Os Tipos de Chianti
CHIANTI D.O.C.G. “ANNATA”
É a expressão mais jovem do Chianti e, por lei, só pode ser comercializada a partir de 1 de março do ano seguinte à vindima.
É um produto normalmente de corpo leve, perfumado, a partir de fruto vinoso e cristalizado, puro e jamais banal. A sua frescura característica e natural, confere-lhe uma versatilidade “implacável” nas combinações gastronómicas, tornando-a adequada para todas as ocasiões.
Poderíamos defini-lo como um vinho “universal”, certamente o best seller e a bandeira da jovialidade toscana.
O seu processo de elaboração passa normalmente por recipientes de aço ou cimento, onde fermenta a uma temperatura controlada para conservação dos aromas florais e frescos da videira; com frequência continua nos mesmos recipientes durante um curto período de refinamento antes de ser engarrafado na primavera.
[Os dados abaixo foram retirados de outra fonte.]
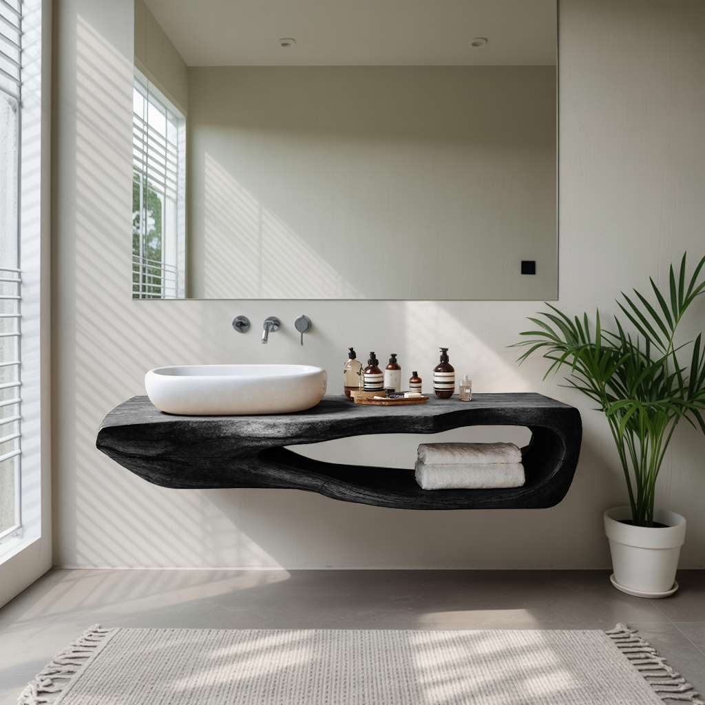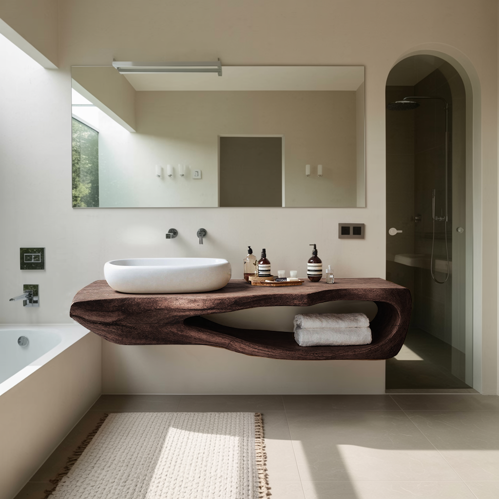 Transform your bathroom with our Handmade Wooden Vanity, merging rustic charm with modern elegance for a perfect balance of style and utility. This vanity integrates rustic details with a contemporary design, making it the ideal fit for any bathroom decor.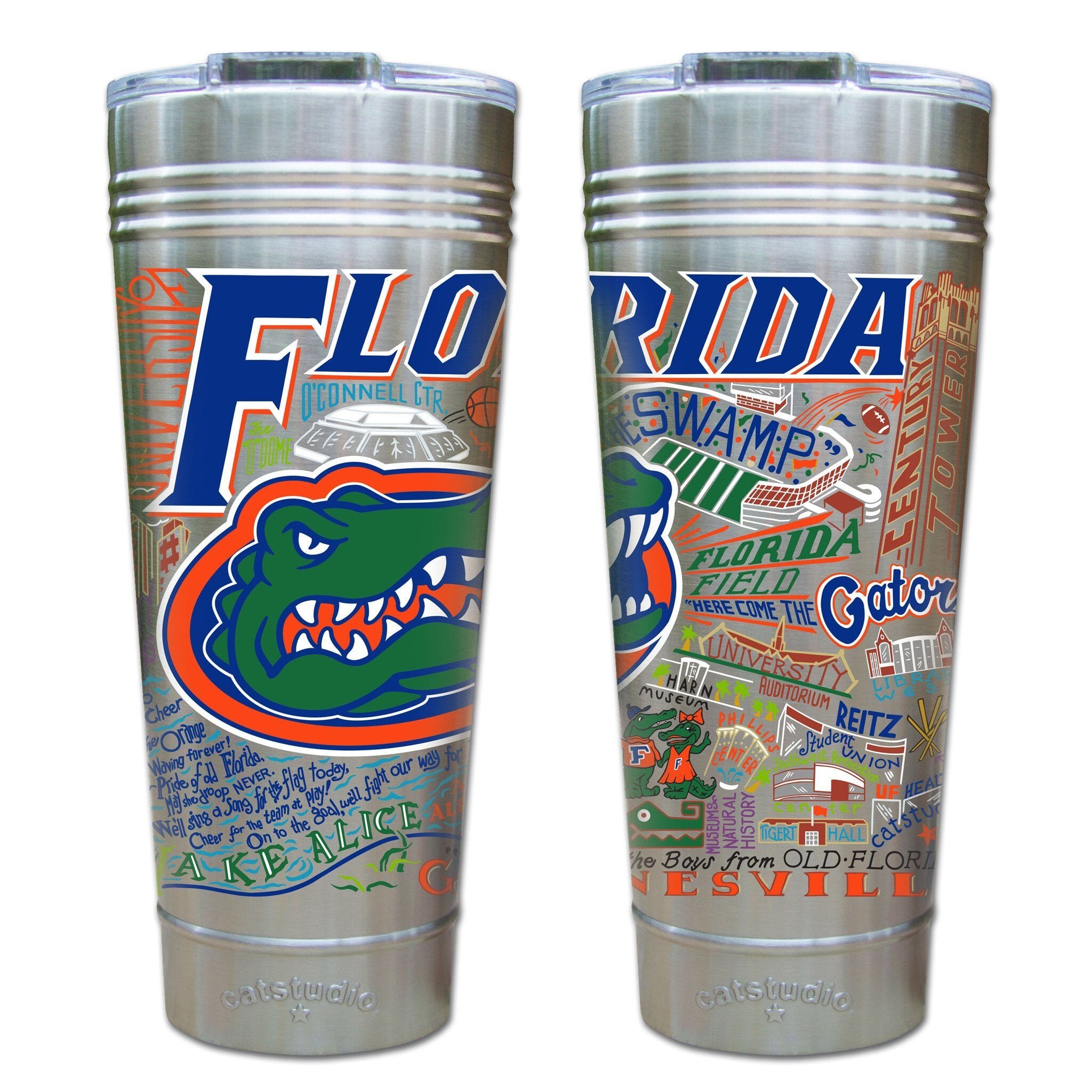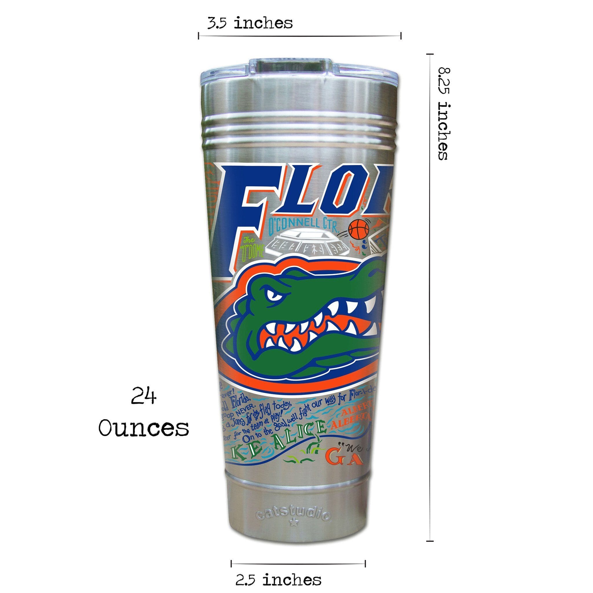 This original design celebrates University of Florida. Go Gators!Our original art is now available to bring along on all your on-the-go adventures. This triple-walled 24 ounce thermal tumbler amazingly keeps beverages HOT for 4 hours and COLD for 6 hours. Add ice for up to 12 hours of cool sipping! Features a thoughtfully-engineered magnetic closure and a non-slip bottom to prevent spills and wet marks on surfaces. Innovation at its finest. Yippee!

Em alguns outros casos, onde, além disso, é obrigatório o disciplinare, o vinho é envelhecido em madeira (barris de carvalho mais tradicionalmente): é o caso das sub-regiões Chianti Rùfina e Chianti Colli Fiorentini, por exemplo. Esta nova mudança de recipiente atribui normalmente a estes vinhos uma estrutura um pouco mais complexa, que, portanto, requer mais tempo antes de estar em condições para o comércio. São estes vinhos que serão autorizados a entrar no mercado, sempre em conformidade com a lei, a partir de setembro do ano seguinte à vindima.
add_a_photo Martino Dini
CHIANTI SUPERIORE D.O.C.G.
Esta é uma categoria de produção menos frequente e menos conhecida, que, contudo, sempre teve o objetivo de elevar a qualidade média dos produtos com uma chave de leitura intermediária suspensa entre os vinhos Annata e Riserva.
Tecnicamente, o Chianti Superiore pode ser produzido em qualquer das regiões e sub-regiões do Chianti D.O.C.G., na condição de serem respeitadas outras restrições impostas pelo disciplinare (disciplina da produção): uma menor produção por hectare (máx. 95 quintais), um maior teor mínimo de álcool (12%), uma maturação mínima de um ano, e uma análise organolética mais rigorosa em comparação com os vinhos do ano.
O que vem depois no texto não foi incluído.